The brunette jolts awake with a shriek, sitting straight up and clutching the covers to her chest; only belatedly does she turn her head and see Daenerys staring questioningly at her.  Daenerys reaches to touch Doreah’s arm, attempting some comfort no matter how foreign it feels in light of everything, and Doreah practically jumps out of her skin, batting that hand away _hard_ and whimpering, “No, no, no.”

Those words sting worse than the slap and Dany hurriedly withdraws, dropping her hands to her lap.  “I’m sorry,” she whispers, unsure exactly why she is apologizing but knowing she must.  “You seemed to be having – I thought you might want something to help you sleep, milk of the poppy or…”

“No,” Doreah repeats, shaking her head fervently.  “No, I don’t want that, don’t want to go numb.”  She curls into herself, arms around her knees; she can’t meet her queen’s eyes, can’t open herself to her.

“S-sweetling,” Dany stammers, all hesitation.  This is already more than Doreah has said since she was returned; the words, the strange disconnection in her tone, they just add to Dany’s worry.  “Is there anything I can do to help you?”

This is also the first acknowledgement – from either of them – that help may be needed.  (It should have been obvious, but perhaps neither knew or knows quite how to broach it.)
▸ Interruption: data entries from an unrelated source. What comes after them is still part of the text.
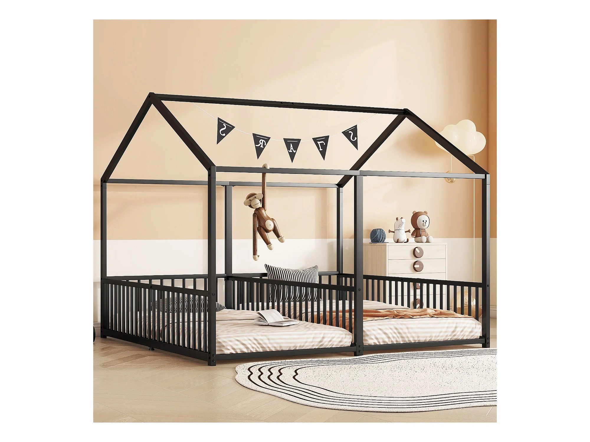 Lit en métal pour enfant 90x200 cm noir, cadre maison, avec échelle et barrière de sécurité, design double, sans matelas
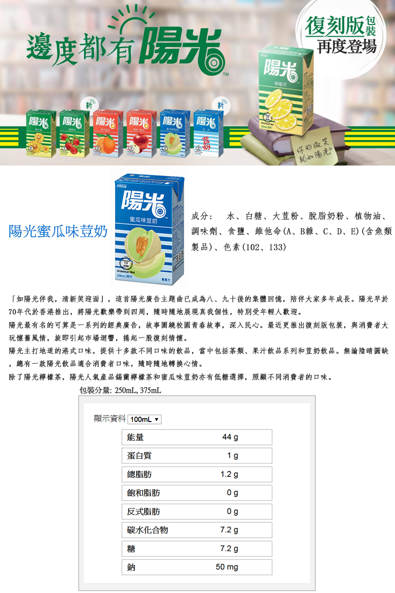 陽光蜜瓜豆奶 250ml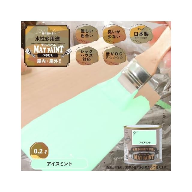 【特長】■[落ち着いたツヤ消し仕上がり]優しい色合いのつや消しタイプ。 落ち着いたツヤがガーデニングの花や植栽、他のインテリアの色調にマッチします。 ■[屋外・屋内 幅広く使用できます]屋内外の木部・鉄部・コンクリート・プラスチックから、かべ紙まで幅広い用途に使用できます。 ■[防カビ剤配合]長期間カビの発生を防ぎます。 ■[塗りやすい塗料]臭いが少なく、乾燥が速く、塗りやすい水性塗料です。

Instead of speaking, Doreah bursts out sobbing, hiding her face in the covers and wailing desperately.  Daenerys feels her heart break, and in spite of herself she scoots a bit closer.  She wants to ask Doreah to respond, she wants to demand an answer, but she knows that would be unwise.

Finally, her voice gone so quiet it can barely be heard, Doreah says, “Forgive me, Khaleesi.”

“Forgive what?” Daenerys asks, equal parts test and genuine inquiry.

“I should have – I could have –” Doreah draws in a ragged breath, lifting her tear-stained face and staring over at Dany.  “Irri is dead because of me, you suffered because of me, I was weak.  I’m always _so_ weak, I don’t know how to stop things.”

What Daenerys now realizes she’s been fearing all this time is sinking in, becoming more certain and starting a feeling of dread in the pit of her stomach.  Of course, she’d be stupid not to have known it, though it disgusts her to think of – she disgusts herself for having ignored it this long.  “You aren’t weak,” she murmurs after a moment.

“I can’t fight, Khaleesi,” Doreah insists, laughing bitterly.  “I don’t fight.  I’m very easily used.”

“Sweetling,” Daenerys says again, more confidently this time.  “One day, you will tell me everything.  I’m sure you did things that you regret, and I suspect you had things done to you that were not your fault.”  She sees Doreah stiffen – yes, what she had thought is true, she can see that now – and has to swallow a shuddery sigh of her own. 

Against her better judgment, she moves her hand to the other girl’s shoulder again, only for Doreah to recoil fiercely.  “No, _no_ , don’t touch me,” she screams, tears rolling down her cheeks and onto the bedcovers.  “You should have left me there, it’s where I belonged.”

“Did you design the plans to harm me?” Daenerys asks coolly.  “Did you take part in their murders?”  She’s not sure why this is the reaction, of the twenty she must be having, that she chooses to vocalize, but it happens nonetheless.

“I didn’t stop them,” Doreah says.  “I am not innocent, Khaleesi.  I acted with – I _did_ things, I –”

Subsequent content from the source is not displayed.